Returning data in PostgreSQL

In or­der to get the best per­for­mance from our data­base en­gine, most of the times, we have to take ad­van­tage of its ex­clu­sive fea­tures. This has the dis­ad­van­tage of get­ting far­ther away from stan­dard, AN­SI code, and in the case of RDBM en­gi­nes, this al­so mean­s, most of the ORMs will not work.

Be­sides that, it could some­times be worth ex­plor­ing what we can gain by adapt­ing to the en­gine.

This is some­thing learnt from the feed­back of my talk giv­en at Eu­roPy­thon 2016. Af­ter the talk, an at­tendee told me that he liked it, and asked me about the code por­trayed in one of the slides, the one about dec­o­ra­tors with the ex­am­ple of mov­ing some records from one ta­ble to an­oth­er. He asked me if I ran code like that one in pro­duc­tion, to which I an­swered no: the code is en­tire­ly fic­tion­al, and it was done for the mere pur­pos­es of the ex­am­ples, so I just need­ed an ex­cuse for a task that could be done in two SQL state­ments, so the ex­am­ple with the dec­o­ra­tor can be shown.

The code of the ex­am­ple fol­lows:

INSERT INTO archive_orders
SELECT * from orders
WHERE order_date < '2016-01-01';

DELETE from orders WHERE order_date < '2016-01-01';

Then I learnt that there is an­oth­er way of writ­ing that sort of state­ments, with the “re­turn­ing” sen­tence of Post­greSQL.

It would be re-writ­ten like:

WITH deleted as (
    DELETE FROM orders WHERE order_date < '2016-01-01'
    RETURNING *
)
INSERT INTO archive_orders select * from deleted;

Or… the oth­er way around:

WITH to_delete as(
    INSERT INTO archive_orders
    SELECT id, description, order_date FROM orders WHERE order_date < '2016-01-01'
    RETURNING id
)
DELETE FROM orders where id in (select id from to_delete);

The in­ter­est­ing point here, is that it en­tails a sin­gle com­mand, in­stead of two.
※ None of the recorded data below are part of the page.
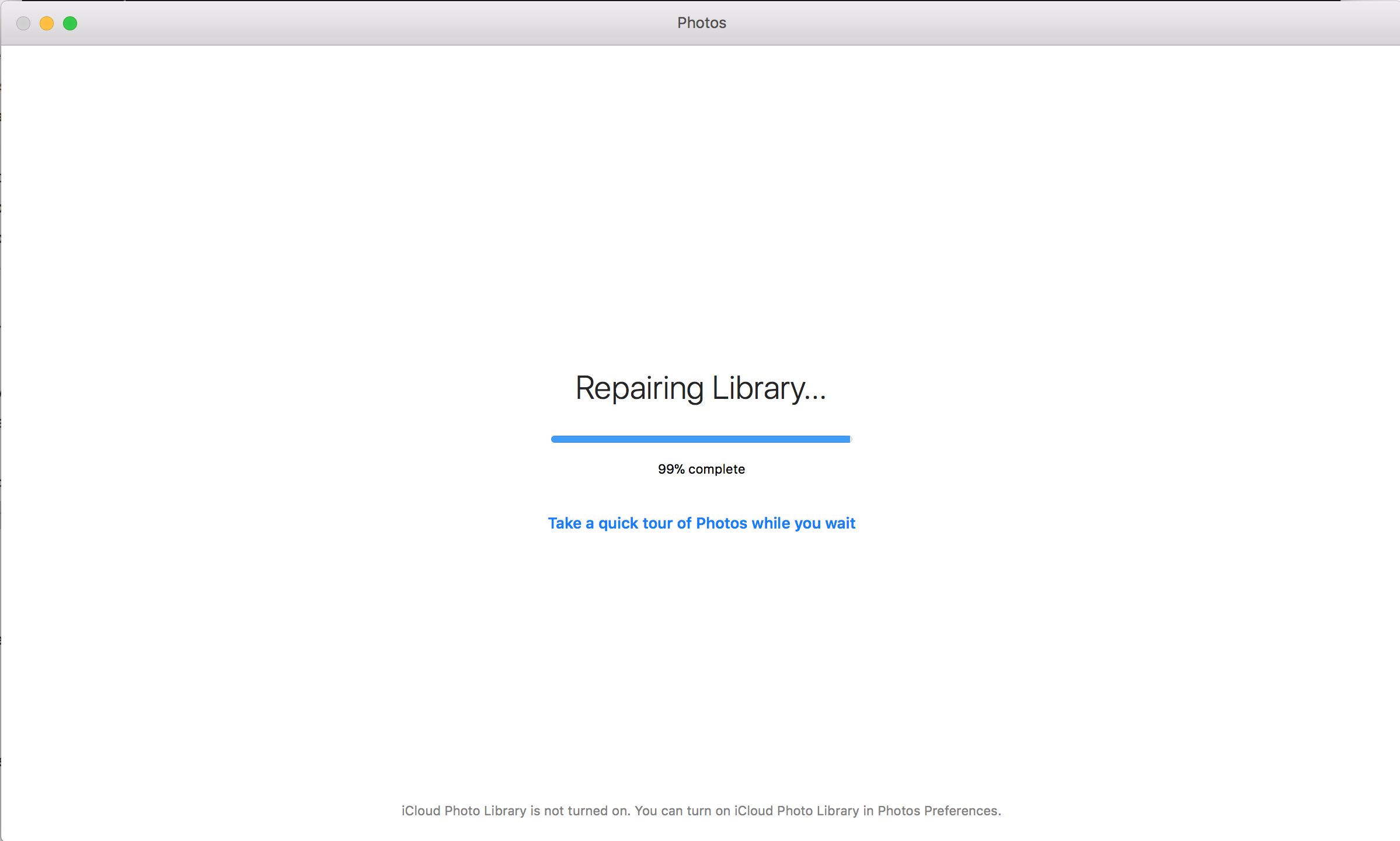 Whenever I open the photo app on my MBP, it says the database has some problems and needs to be repaired, and when I press the repair button, it runs and it stuck at 99% for over 24 hours. I force quitted and reopen the app, it still the same and it also stuck at 99% in the repair phase.
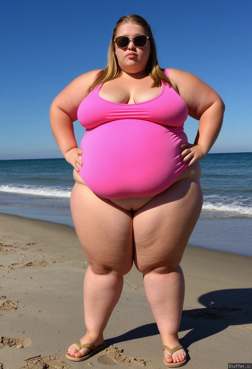20 year old girl, beach on sunny day, brown blonde hair, sunglasses, tight pink tank top, tan lines, huge puffy lips, wide hips, ((massive thighs)), standing in sun, wearing sandals, ((small perky breasts)), ((morbidly obese ssbbw))
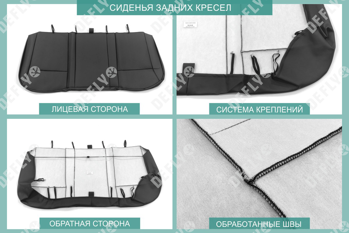 Материал: Экокожа гладкая, экокожа перфорированная, Цвет: Черный (оттенок ткани может незначительно отличаться). Модельные чехлы от производителя “Defly” индивидуально сконструированы для каждого автомобиля. Изготовленные по лекалам оригинальных кресел, чехлы гарантируют идеальную посадку. В комплектацию входят детали всех элементов салона: передних кресел, заднего дивана, третьего ряда сидений, подголовников, подлокотников и т.д. Спинки передних кресел дополнены карманами. Все швы и технологические отверстия обработаны на оверлоке. Чехлы не ограничивают заводскую функциональность салона. Наличие в чехлах специального распускаемого шва не препятствует своевременному и полному раскрытию подушек безопасности. Специально разработанная система креплений позволяет надежно зафиксировать изделия. Авточехлы изготовлены из двух видов экокожи черного цвета: гладкой и перфорированной. Перфорированная экокожа используется в центральных элементах, что обеспечивает циркуляцию воздуха. * Представленные фотографии являются примером исполнения и служат для демонстрации материалов и конструкции чехлов.
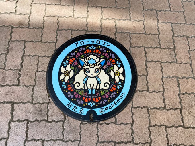 ポケモンマンホール(ポケふた)アローラロコン(おたる)。
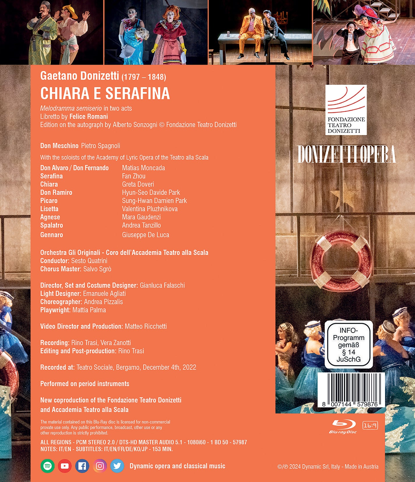 Despite the triumphant reception of his first opera, Gaetano Donizetti was young and inexperienced when he was commissioned to write Chiara e Serafina in 1822 for La Scala. Composed in haste, it was met with disapproval at its premiere and subsequently disappeared without a trace. Thanks to this revival at the Bergamo Donizetti Festival, after exactly 200 years Chiara e Serafina has returned to the stage with a fine production that brings to life an entertaining tale of pirates, lovers, disguises, deceit and peril in 17th-century Majorca.
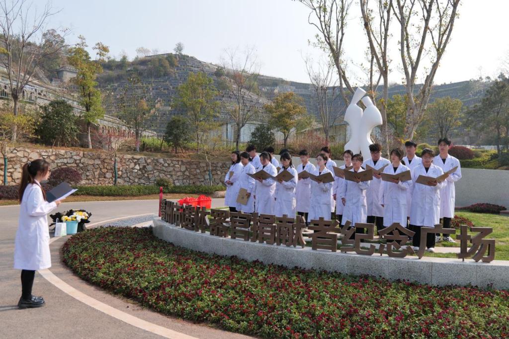 在遗体器官捐献纪念碑前,全体人员集体默哀,师生代表向遗体器官捐献者敬献花束并进行庄重而神圣的大体老师骨灰安葬仪式。随后,基础医学院“生命火炬”公益团队学生代表宣读《人体器官捐献志愿者倡议书》,集体朗诵了诗歌《致敬大体老师感恩辞》。活动最后,参加纪缅怀念活动人员依次敬献鲜花。
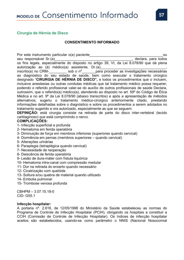PDF de Consentimentos Informados Cirúgia de Hérnia de Disco
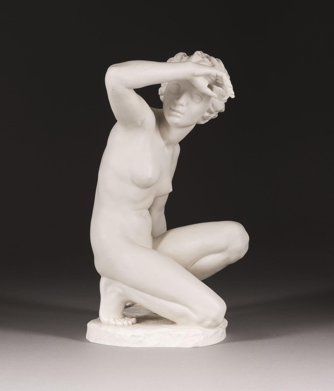 Biskuitporzellan. H. 40 cm. Grüne Manufakturmarke (undeutlich), bez. 'C. Werner'.
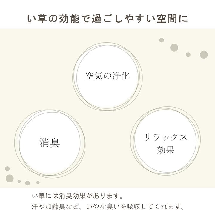 い草には空気の自然浄化作用、湿度の調節作用、リラックス効果などがあります。
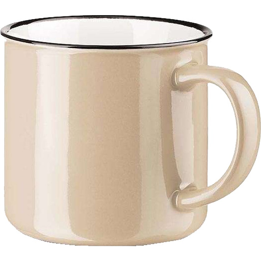 Stengodsmugg med retroinspirerad design. Designen har sökt inspiration från de klassiska emaljmuggarna. Muggen har stor tryckyta och finns i flera olika färger. Endast handdisk.
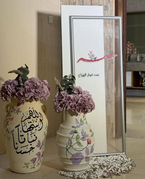 - ستاند مع طباعة مخصصة - فازتين ورد مع كتابة مخصصة - تزيين بالحجر
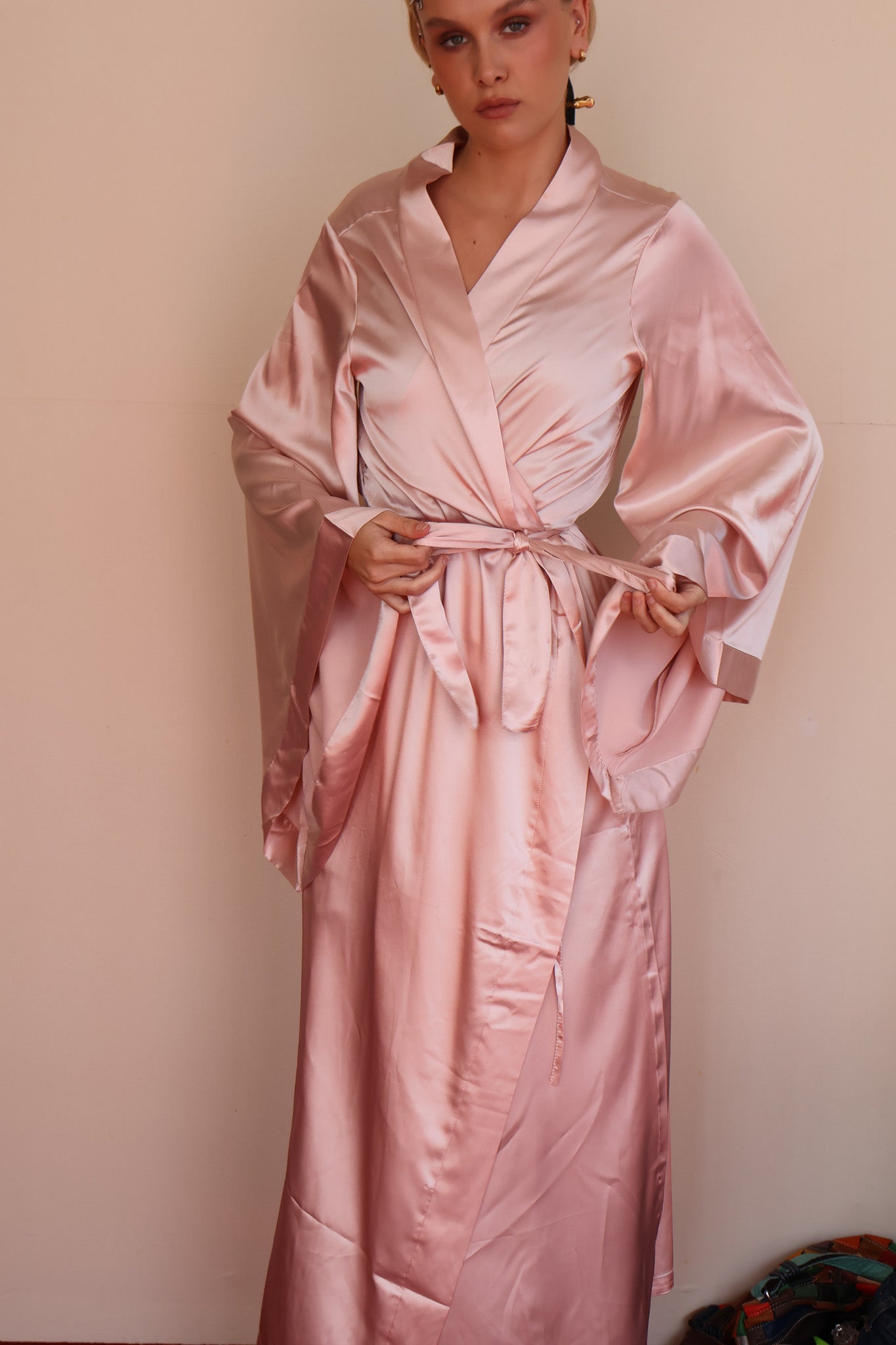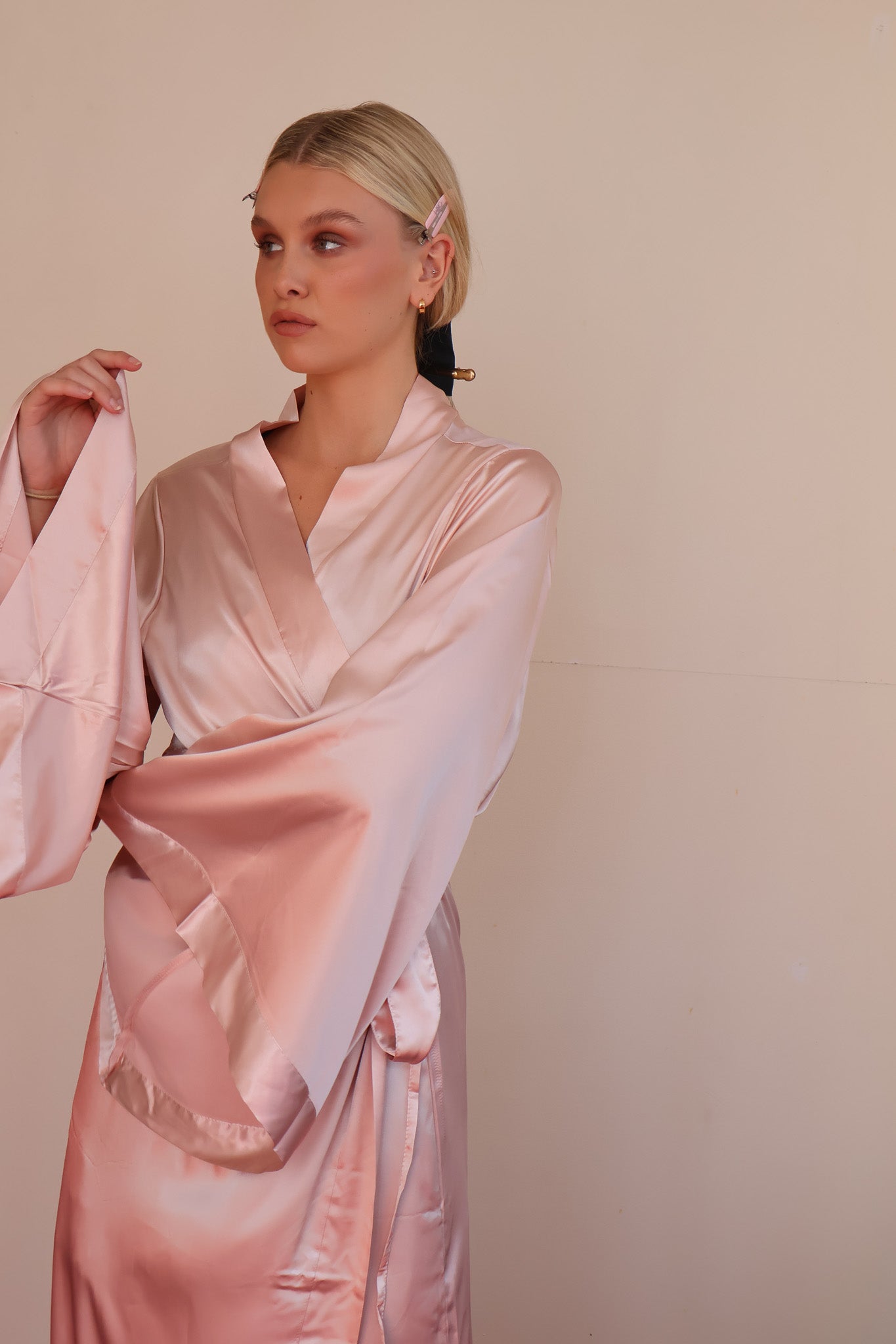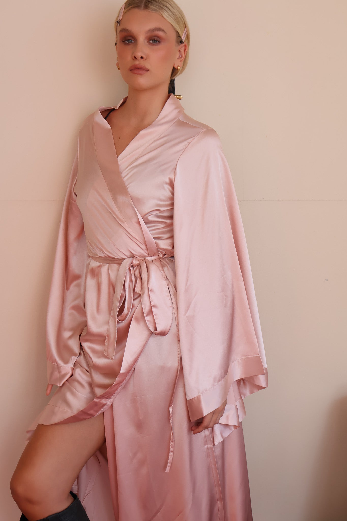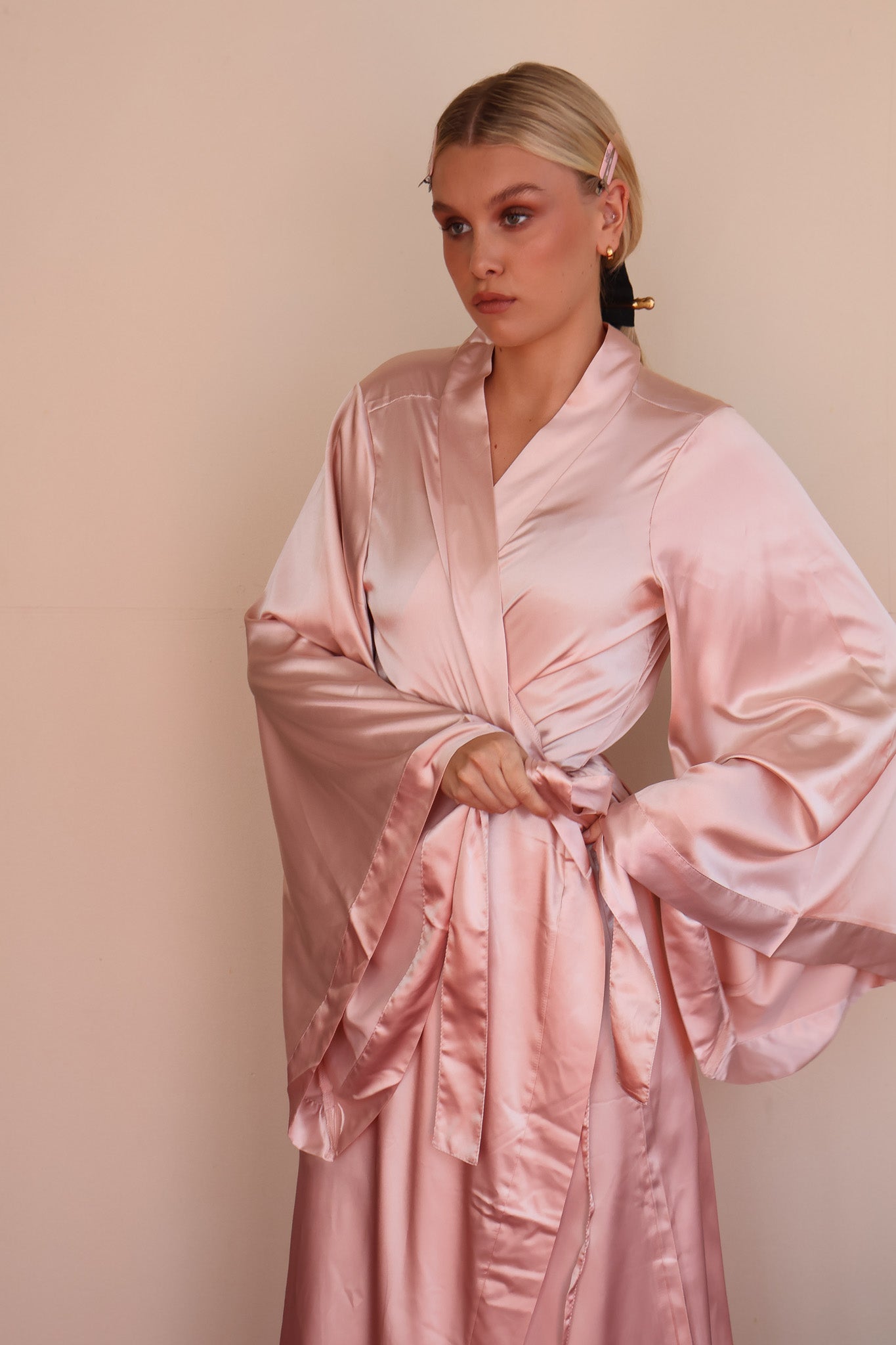 This gorgeous garment is made from sumptuous soft satin and features stunning exaggerated wide sleeves adding a touch of OTT glamour. Available in One Size and comes with a matching silky sash that ties at the waist and can be adjusted accordingly.

So this can be done with a sin­gle call to the database, sav­ing an ex­tra round trip.

The point here is that the delete state­ment of Post­greSQL (as well as the rest of the state­ments, IN­SERT, UP­DATE, for in­stance), can be spec­i­fied to re­turn the da­ta they af­fec­t, and this can be used in an in­ter­me­di­ate ta­ble to pipe it to an­oth­er state­men­t.

By de­fault, if you run the delete state­men­t, it should re­turn the num­ber of af­fect­ed rows, like:

delete from orders where id > 3;
DELETE 4

But, we can make it to re­turn the rows them­selves:

delete from orders where id > 3 returning \*;
id|   description    |     order_date
----+------------------+---------------------
4 | to be archived   | 2014-12-09 00:00:00
5 | First sale order | 2016-07-17 00:00:00
6 | First sale order | 2016-07-20 00:00:00
7 | First sale order | 2016-07-24 00:00:00
(4 rows)

DELETE 4

Or, spe­cif­ic col­umns if we se­lect them:

delete from orders where id > 3 returning id, description;
id |   description
----+------------------
4 | to be archived
5 | First sale order
6 | First sale order
7 | First sale order
(4 rows)

DELETE 4

So, we can use the “re­turn­ing” fea­ture of Post­greSQL, to do in a sin­gle com­mand what we usu­al­ly would do in two or more, and in some cas­es, it might be some­thing worth ex­plor­ing. It was great learn­ing things like this one, and get­ting tips as a re­sult from the feed­back of the talk (it does not change the mean­ing, and the ex­am­ple could re­main the same for the afore­men­tioned rea­son­s; it is just an ex­am­ple :-).